Extended Blood Group Genotyping Among Thai Patients with Repeated Transfusions.

Background: Transfusion of antigen-negative red blood cells (RBCs) is required for patients with chronic transfusions. Due to serological test limitations, genotyping is implemented to find appropriate and compatible blood units. This study aimed to determine extended blood group genotypes to identify antibody specificity and to establish appropriate typing for Thai patients with repeated transfusions.

Methods: Blood samples obtained from 200 unrelated Thai patients with repeated transfusions, at the Thammasat University Hospital, Pathum Thani, Thailand, were included. The patients had recently received at least three units of donor RBCs within 3 to 12 weeks at the time of blood collection. Extended blood group genotyping using the PCR-sequence-specific primer technique determined KEL*03, KEL*04, DI*A, DI*B, DO*A, DO*B, CO*A, CO*B, CROM*01.12, and CROM*01.-12 alleles.

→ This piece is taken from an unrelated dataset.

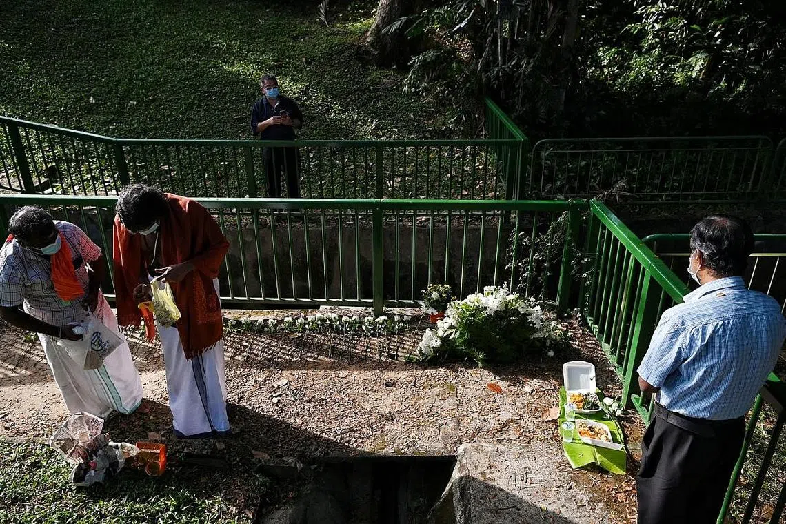 Wakil daripada enam pertubuhan keagamaan, termasuk Imam dan Pengerusi dari Masjid Al-Huda, Encik Mohd Idris Mohd Khair; Venerable Rui Zhen daripada Kuil Beeh Low See dan Encik Francis Lim daripada Gereja St Ignatius, dilihat bertafakur berdekatan dengan longkang besar dekat Upper Bukit Timah di mana mayat itu ditemui pada malam Jumaat lalu.

Results: Among 200 patients, no significant difference was found between male and female ratios (p > 0.05). Concerning the antibody production divided by patients' diagnoses, we found that only 2 patients with chronic kidney disease, CKD, (6.3%) had significantly lower antibody detection than patients with thalassemia, hematological and other malignancies, and other disorders (p < 0.05). Based on extended blood group allele patterns among 200 patients and 500 donors, the two common allele patterns were first: KEL*04, DI*B, DO*B, CO*A, and CROM*01.12 (75.0 vs. 71.0%), and second: KEL*04, DI*B, DO*A, DO*B, CO*A, and CROM*01.12 (18.0 vs. 21.6%), consistent with the donor population. As a result, this patient group showed a high chance of identifying matched donors and a low risk of alloimmunization. The prevalence of the DI*A/DI*B heterozygote was observed at 4.6% among 500 donors, corresponding to the high prevalence of anti-Dia in the patient group. Therefore, extended blood group genotypes, particularly the common significant blood group antigens in populations, are helpful among patients requiring repeated transfusions.

Conclusions: Extended blood group genotyping among patients with repeated transfusions should be performed to select antigen-negative RBC transfusions. However, the prevalence of antibody production and the additional blood group antigens corresponding to high-prevalent antibody identification among Thai patients should be a concern in proper blood group selection.